He feels Mydei's gauntlet close around his wrist.

"Set aside your doubts," Mydei says. "Do not let your thoughts consume you. It will not have you. I will not let it.” And then, quieter: "Come back to Amphoreus with me, Deliverer. You are greatly missed."

"I can't," Phainon says.

"You can," Mydei insists.

"Thirty-three million cycles," Phainon says, tremulous. "And I struck you down in every one of them. I killed Castorice and Hyacine and—I've probably killed every living soul on Amphoreus at least once, at some point. I can't go home."

Mydei exhales shakily, and grips Phainon's wrist tighter. Phainon thinks that it might bruise tomorrow.

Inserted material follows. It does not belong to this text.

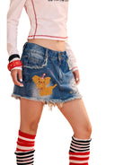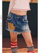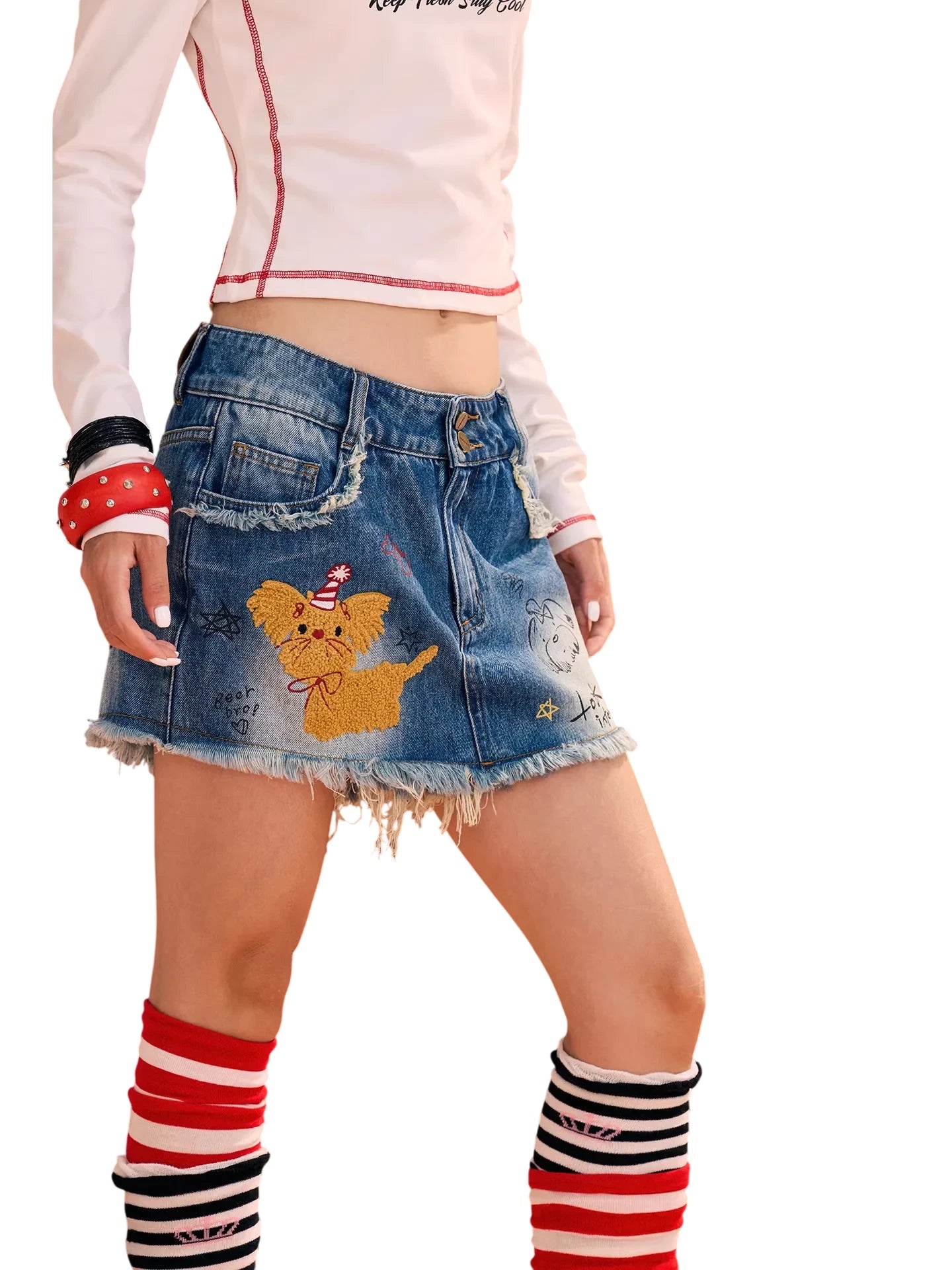 Express your playful side with this stylish denim mini skirt designed for women. Featuring colorful graffiti-inspired embroidery including cartoon puppy motifs, stars, and quirky text phrases, this skirt brings a youthful street style vibe to your wardrobe. The raw hemline adds an edgy touch while the medium blue wash offers a relaxed, worn-in look. Classic five-pocket styling, a double-button closure, and zip fly complete this versatile autumn-ready piece.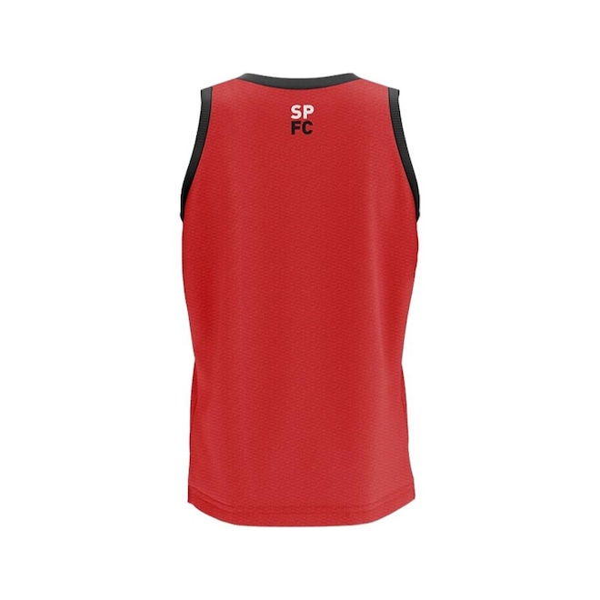 Regata com gola V combinada com as cavas. Além disso, a peça leva estampa de toque zero com estádio Morumbi e elementos de engranagens remetendoa máquina de títulos. Tecido: Dry Max

"Cease this foolishness," Mydei says. "You couldn't spare us anymore than you could let Irontomb be completed."

Phainon laughs raggedly. "Yes, I did what I had to do. Every time when presented with the choice, I chose to keep the cycles going, and I'd do it all over again, given the need. That doesn't absolve me of anything. Life isn't so easily weighed."

"And so you choose to cower in this pitiful corner of the galaxy," Mydei says. "Is this penance, Deliverer? Do you hide out of a misplaced desire for atonement? Or do you do so out of fear?"

"What if it's both?" Phainon says sharply. "What is it to you, anyhow? The dawn of Era Nova has begun. The time for deliverance is done, and my part in it as well. Let it rest, Mydeimos."

"I forgive you," Mydei says.

Phainon nearly bites through his lip. He says, very small, "You shouldn't."

"Do not presume to tell me what I should and should not do," Mydei says, gently. "If it is absolution you seek, I shall give it, even though there is nothing to absolve. But clearly you believe otherwise. Thus, until the day comes when you can accept the truth of these words, I shall tell you as many times as you need to hear it: I forgive you."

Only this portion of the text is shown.